Amend the national standard to include all ten provinces.
Nullify the side deals with Nova Scotia, Newfoundland & Labrador
A cap should be implemented to ensure that no province ends up with fiscal capacity higher than that of the lowest non-receiving province.
The system requires greater transparency and simplicity.
A similar report was dedicated to funding the Territories:

“Improving Territorial Formula Financing and Strengthening Canada’s Territories.”
http://www.aucc.ca/_pdf/english/programs/cepra/hobson_paper-1.pdf

Pg 29-30
REGIONAL DISPARITY AND THE CONSTITUTION ACT, 1982
Section 36 of the Constitution Act, 1982, entitled “Equalization and Regional
Disparities”, is of particular relevance here. It contains two parts, which read as follows:
(1) Without altering the legislative authority of Parliament or of the provincial
legislatures, or the rights of any of them with respect to the exercise of their
legislative authority, Parliament and the legislatures, together with the
government of Canada and the provincial governments, are committed to

(a) promoting equal opportunities for the well-being of Canadians;
(b) furthering economic development to reduce disparity in opportunities; and
(c) providing essential public services of reasonable quality to all Canadians.
(2) Parliament and the government of Canada are committed to the principle of
making equalization payments to ensure that provincial governments have
sufficient revenues to provide reasonably comparable levels of public services
at reasonably comparable levels of taxation.
These provisions seem to have two sorts of effects on federal responsibilities and
obligations. First, section 36(1) explicitly recognizes the pursuit of equity as a national
objective that is the joint responsibility of the federal government and the provinces.
This is important since much of what both the federal and provincial levels of governments do has a significant equity dimension. Thus, to the extent that the federal government has an
interest in the equitable delivery of provincial programs, section 36(1) could be used to
justify federal involvement in provincial programs through the spending power.
Section

36(1) also enshrines equality of opportunity as an added dimension of equity. That is, it
goes beyond a commitment to the provision of reasonably comparable public services at
reasonably comparable levels of taxation; it commits also to equality of economic
opportunity through regional development policy.

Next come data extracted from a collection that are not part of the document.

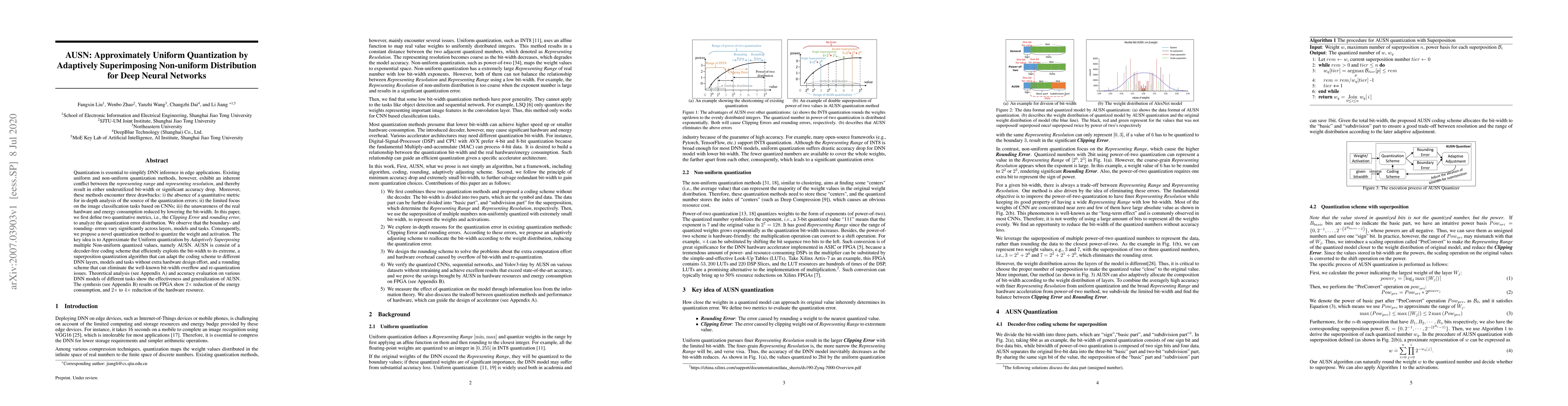 This paper proposes AUSN, a novel quantization method to enhance DNN inference efficiency in edge applications by adaptively superimposing non-uniform distributions. It addresses existing quantization issues by introducing metrics for error analysis and demonstrating significant reductions in hardware resource usage and energy consumption.
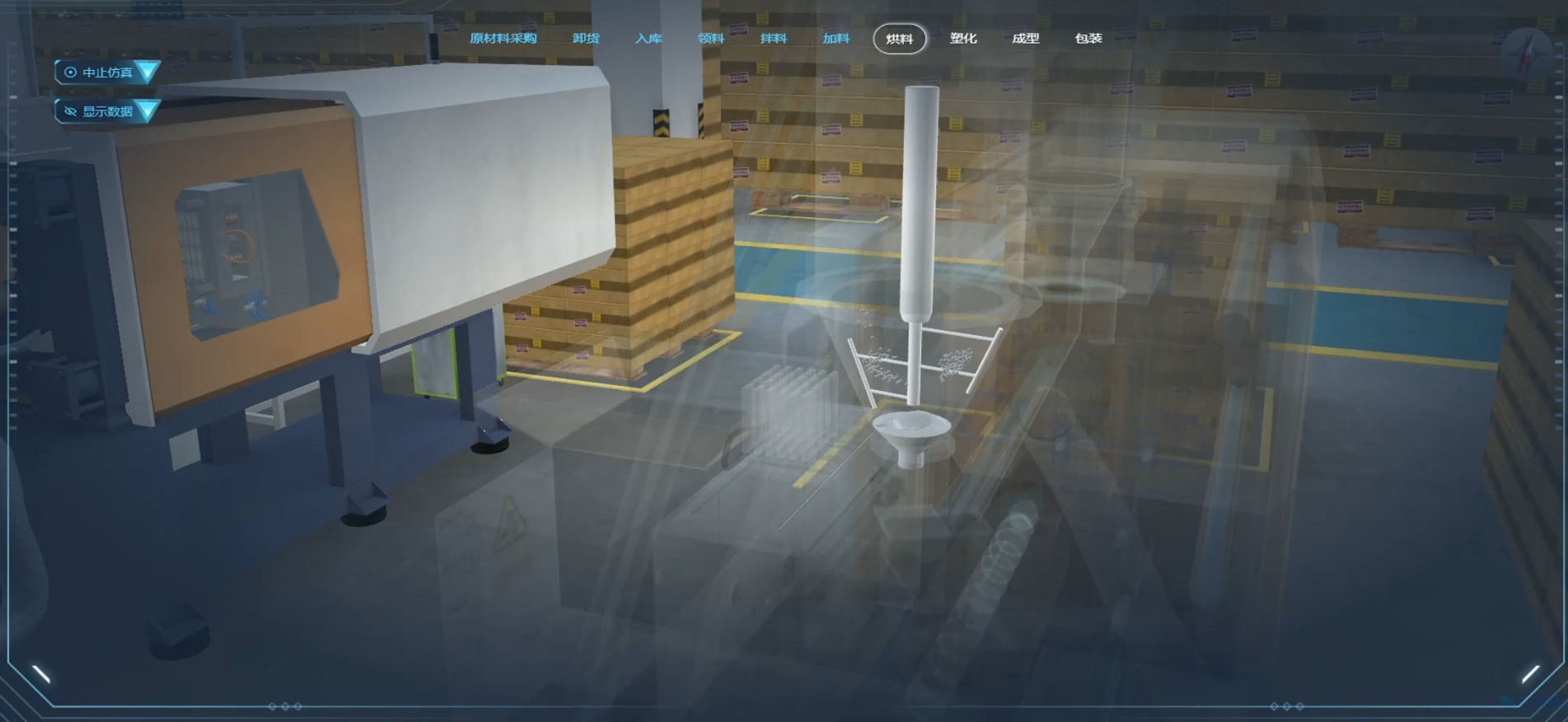 - 生产流程仿真:对厂区所有设备、工艺流转关系、环境进行建模动画还原,实现基于数据驱动的场景动画仿真模拟
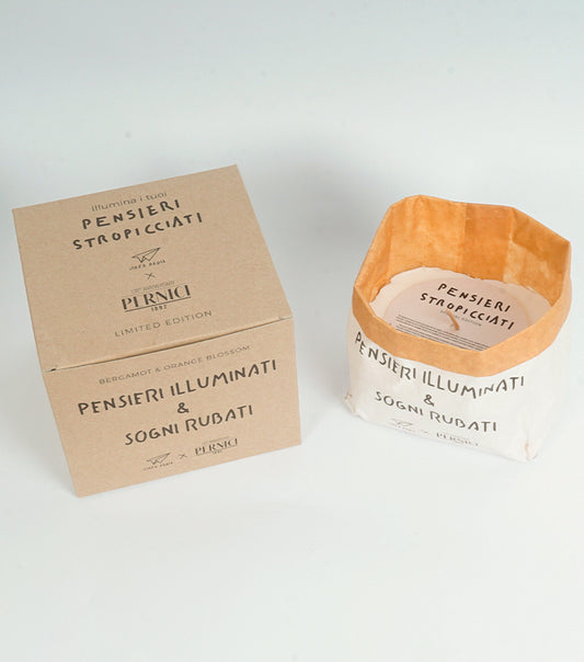 Candela Profumata "PENSIERI ILLUMINATI E SOGNI RUBATI" alla fragranza "Bergamotto e Fiori d'Arancio"

Second, section 36(2) imposes an obligation on the federal government to pursue
equalization objectives, or at least commits it to the principle of making equalization
payments.
The section does not restrict what is meant by an equalization payment; it
could include any sort of federal-provincial transfer that has equalizing consequences. As
discussed later, Canada’s Equalization system, that provides for payments from the
federal government to the poorer provinces, contributes explicitly to this objective. Other
transfer schemes, however, do so implicitly. If taken literally, section 36(2) could have
serious implications not only for the structure of the formal Equalization scheme itself,
but for other major federal-provincial transfers as well. It should be noted that is not clear
to what extent section 36(2) is legally binding, or justifiable, on the federal
government—it is stated as a general principle rather than as a specific obligation.